La chaîne de télévision Arte a récemment diffusé le film de Mathieu Amalric « Tournée », prix de la mise en scène au Festival de Cannes en 2010.

 « Elles », c’est une troupe de femmes américaines intitulée « Cabaret New Burlesque ». Elles sont plutôt potelées, plus toutes jeunes, ne correspondent pas aux canons de la beauté qu’on attend de strip-teaseuses. Pourtant, leur spectacle consiste à montrer leurs corps, maquillés et tatoués à l’extrême, dans le mouvement de la danse, de la musique et du chant. Elles sont pleines d’énergie, d’humour et de féminité.

 Lui, Joachim Zand (Mathieu Amalric lui-même) est leur producteur. Il a fui la France il y a quelques années à la suite d’embrouilles pour refaire sa vie aux Etats-Unis. Il a convaincu la troupe de faire une tournée dans son pays natal, commençant par les ports, Le Havre, Nantes, La Rochelle, Toulon et s’achevant à Paris. Mais l’étape parisienne ne se fera pas. La salle promise lui est finalement refusée. Ses efforts désespérés pour trouver une solution de rechange se heurtent au refus haineux de ses associés d’autrefois. Sa vie affective elle-même est un désastre : ex-fiancée hostile, enfants sur une autre longueur d’onde.

 A l’exubérance baroque des femmes de la troupe, à leur goût de vivre ici et maintenant sans souci du lendemain s’oppose la personnalité inquiète, tendue, flambeuse de Joaquim. Ce qui les unit, c’est le spectacle. Amalric cite Colette : « l’illusion de vivre très vite, d’avoir chaud, de travailler, de ne penser guère, de n’emporter avec nous ni regret, ni remords, ni souvenir ».

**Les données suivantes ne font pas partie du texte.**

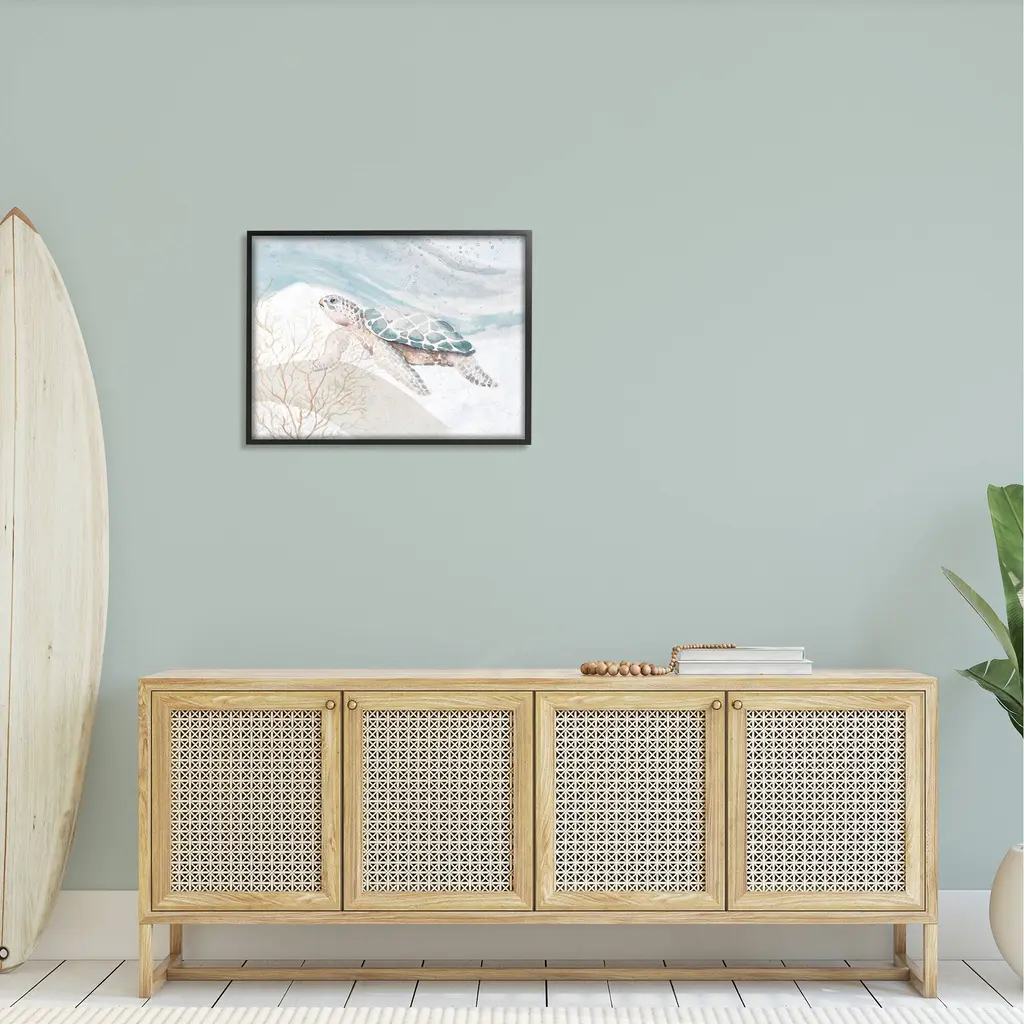 Our Framed Giclee Wall Art adds a touch of class to any space in your home or office. Frames are available in three alluring styles: black, gray farmhouse and white. Our textured artwork will add more depth and dimension to any space. Each piece is mounted with a 1.5 inch thick wood grain frame that is ready to hang! Looking for a statement piece? We have oversized artwork available.Features: Wall Art is Ready to Hang - No Installation or Hardware Needed. For Easy Set Up Lean or Layer Artwork on Shelf or Against Wall.Our giclee prints are carefully mounted on a durable MDF backing, and then perfectly finished in a 1.5 inch thick woodgrain frame. Mounted frame colors include black, gray farmhouse and white. Made In USA.Artwork Relates To: Turtle; Sea Life; Animal; Reptile; Sea Turtle; Tortoise, Water, BotanicalDesign by Patricia Pinto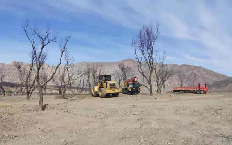 12月16日,工人駕駛卡車、吊車、挖掘機正在移植檉柳。受訪者供圖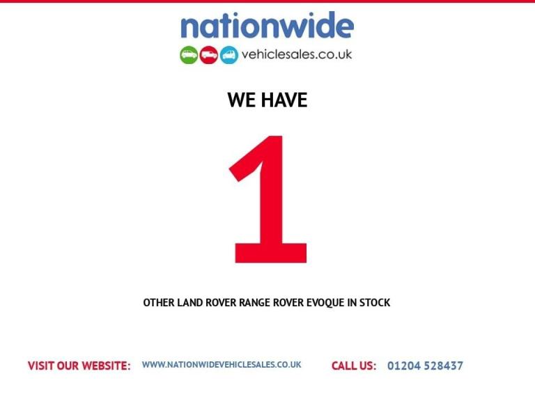 Nationwide Vehicle Sales are an established family run dealership based in Bolton. We have over 100 cars currently in stock and offer fantastic finance rates on both HP and PCP finance, we have extended warranties available for up to 3 years on all of our vehicles giving you complete peace of mind. Give us a call today to reserve your new car with a refundable £100 deposit..10in Touch Pro, 17in Alloy Wheels - 5 Split Spoke - Style 5073 - Satin Dark Grey, 40-20-40 Split Fold Rear Seat, 8-Way Heated Manual Front Seats, ABS - Anti Lock Braking System, Airbags - Driver Knee, Airbags - Front - Driver and Front Passenger, All Season Tyres, Ambient Interior Lighting, Analogue Dials with Central TFT Display, Android Auto, Apple CarPlay, Automatic Headlights, Autonomous Emergency Braking, Bluetooth Connectivity, Body Coloured Roof, Brake Pad Wear Indicator, Bright Metal Pedals, Carpet Mats, Chrome Treadplates, Cruise Control and Speed Limiter, Customer Configurable Autolock, D150 Badge, DAB - Digital Audio Broadcast, DSC - Dynamic Stability Control, Driver Condition Monitor, EBA - Emergency Brake Assist, EBD - Electronic Brake-Force Distribution, EPAS - Electronic Power Assisted Steering, ETC - Electronic Traction Control, Electric Parking Brake, Electric Windows with One-Touch Open-Close and Anti-Trap, Evoque and R-Dynamic Badge, Flush Deployable Door Handles, Front and Rear Parking Aid, Headlining - Ebony Morzine, Heated Door Mirrors, Heated Rear Window with Timer, Hill Launch Assist, InControl - Remote App, InControl Apps, Interior Rear View Mirror - Manual Dipping, Intrusion Sensor, LED Headlights, Lane Keep Assist, Leather Steering Wheel, Locking Wheel Nuts, Manual Headlight Levelling, Manual Tailgate, Manually Adjustable Steering Column, Overhead Lighting Console, Overhead Stowage for Sunglasses, Passive Front Headrests, Passive Suspension, Power Operated Child Locks, Power Socket Pack 1, Push Button Start, R-Dynamic Exterior Pack, RSC - Roll Stability Control, Rain Sensing Windscreen Wipers, Rear Air Vents, Rear Fog Lights, Rear ISOFIX, Rear View Camera, Seat Belt Reminder, Seats - Rear Centre Head Restraint, Side Curtain Airbags and Thorax, Sound System, Standard Roof, Sun Visors - Illuminated Vanity Mirrors, TPMS - Tyre Pressure Monitoring System, Tailgate Spoiler, Trim Finish - Gradated Linear Dark Aluminium, Twin Front Cupholders with Cover, Twin Sliding Front Centre Armrest, Two-Zone Climate Control, Tyre Repair System, Voice Control, Windscreen - Heated, Windscreen Washer Jets - Heated

 Joaquim donne en permanence l’impression de vivre sur le fil du rasoir, jusqu’à sembler proche parfois du suicide. Mais il se remplit de l’énergie des femmes, celles de la troupe et celles qu’il rencontre par hasard. A une station service d’autoroute, il demande à la caissière de couper la musique d’ambiance – sa phobie, dans les hôtels, les restaurants et dans tous lieux publics. Il s’en suit une discussion toute en humanité entre l’homme et la femme séparés par l’hygiaphone.

 « Tournée » est un film puissamment original, qui nous dit que les femmes savent mieux que les hommes donner un sens à leur vie en savourant chaque moment comme si c’était le dernier. Au lieu de s’achever par un spectacle triomphal à Paris, la troupe échoue dans un hôtel désaffecté au bord de la mer. Il y aurait lieu de se désespérer. Mais : Champagne !

Mathieu Amalric avec la troupe Cabaret New Burlesque

Amour

 

Jean-Louis Trintignant et Emmanuelle Riva dans « Amour »

Dans « Amour », Palme d’Or au Festival de Cannes, Michael Haneke dresse l’impressionnant portrait d’un couple âgé confronté à la déchéance et à la mort.

 Georges (Jean-Louis Trintignant) et Anne (Emmanuelle Riva) sont un couple d’octogénaires apparemment heureux. Ils ont visiblement une immense tendresse l’un pour l’autre. Ils sont habités par une passion commune, celle de la musique, qu’ils ont aussi transmise à leur fille Eva (Isabelle Huppert). Mais ils ne semblent guère avoir d’amis et vivent dans un appartement bourgeois parisien, luxueux en apparence, vide et décati en réalité. Il va s’y jouer un drame en huis-clos.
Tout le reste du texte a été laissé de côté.